> **PROBLEM DETAILS**
Retype, word for word, every line starting at the line with "In Phuket, apartments" and ending with the final line of the entries; skip the pictures.
---+---
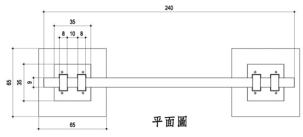(A)每一承壓版上各焊接一片固定片 (B)依據圖示作法,J 型螺桿為預埋於混凝土基座 (C)承壓版長寬為 33*33 ㎝,厚度為 10㎜ (D)固定片長寬為 12*7.5 ㎝,厚度為 10 ㎜ 。
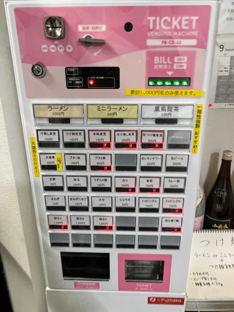 『初めて訪問する店の券売機は左上のボタンを押す』という極めて個人的なルールに従い、『ラーメン(¥1,080)』を購入。普段ならブタ2枚のトッピングを購入するところだが、売り切れだったので『ブタ1枚(¥200)』を購入しカウンターへ向かう。
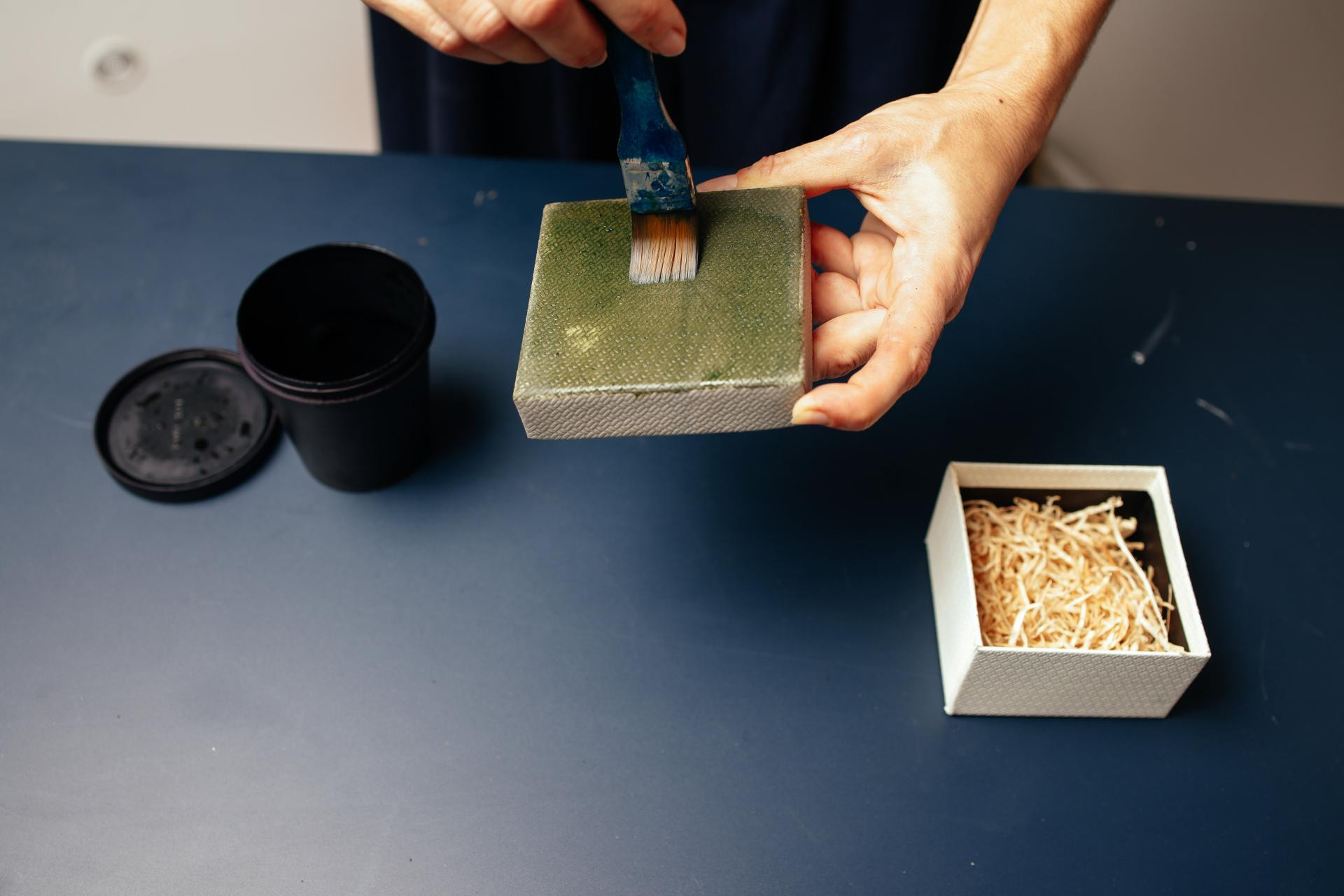 Emulzija se ravnomjerno nanosi na poklopac kutije. Premazana površina se suši na tamnom mjestu nekoliko minuta
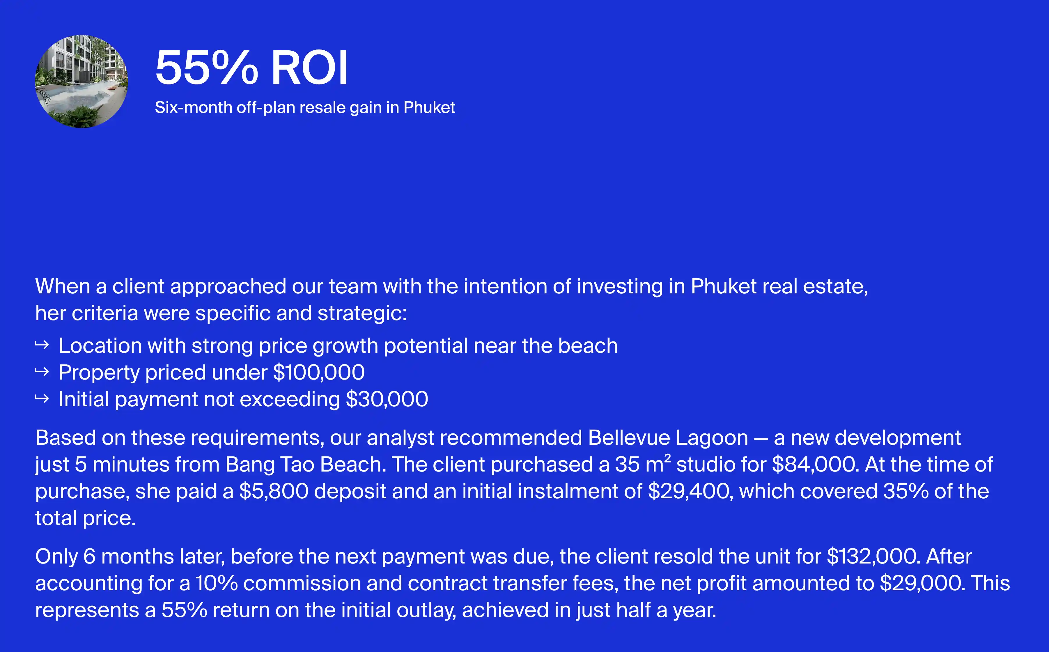 In Phuket, apartments usually start at $100,000 and villas at $400,000. Still, the market includes many “hot” deals at lower prices. These can seem attractive at first, but often come with downsides — such as being located far inland, in older areas with little infrastructure or tourist appeal. As a result, these properties may stay empty longer, be harder to resell, and bring in lower returns.
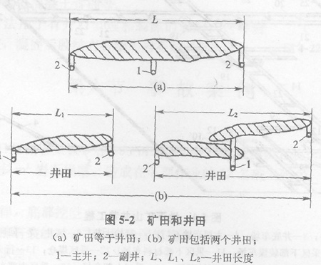 劃歸一個礦山企業(yè)開采的全部礦床或某一部分叫礦田。在一個礦山企業(yè)中劃歸一個礦井(坑口)開采的全部礦床或其中一部分叫井田,如圖5—2所示。礦田有時等于井田,有時包括數(shù)個井田。
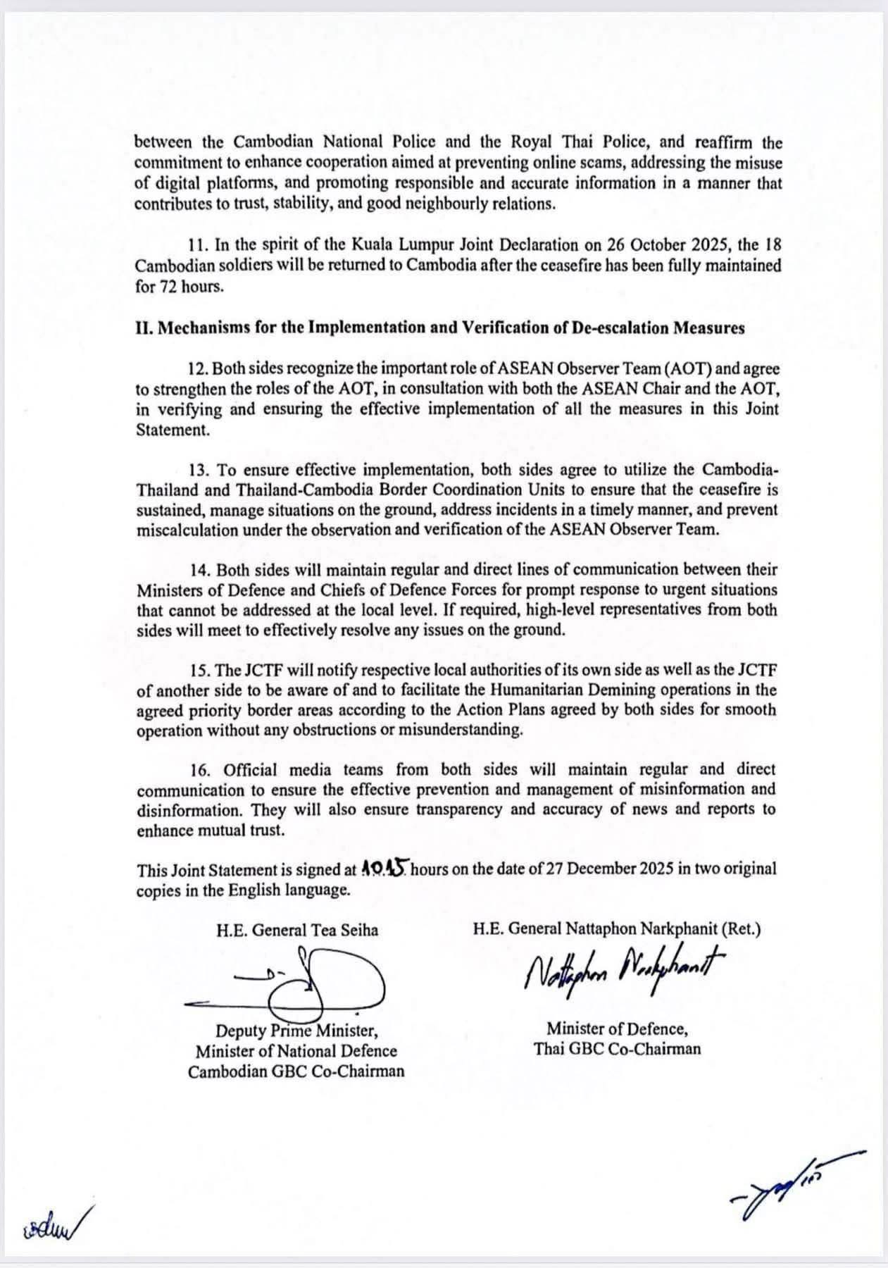 ไทย-กัมพูชา ลงนามในข้อตกลงหยุดยิงแล้ว >เที่ยงวันนี้ (12.00 ของวันที่ 27 ธ.ค.)<
---+---
> **COMPLETED EXERCISE**
 In Phuket, apartments usually start at $100,000 and villas at $400,000. Still, the market includes many “hot” deals at lower prices. These can seem attractive at first, but often come with downsides — such as being located far inland, in older areas with little infrastructure or tourist appeal. As a result, these properties may stay empty longer, be harder to resell, and bring in lower returns.
 劃歸一個礦山企業(yè)開采的全部礦床或某一部分叫礦田。在一個礦山企業(yè)中劃歸一個礦井(坑口)開采的全部礦床或其中一部分叫井田,如圖5—2所示。礦田有時等于井田,有時包括數(shù)個井田。
 ไทย-กัมพูชา ลงนามในข้อตกลงหยุดยิงแล้ว >เที่ยงวันนี้ (12.00 ของวันที่ 27 ธ.ค.)<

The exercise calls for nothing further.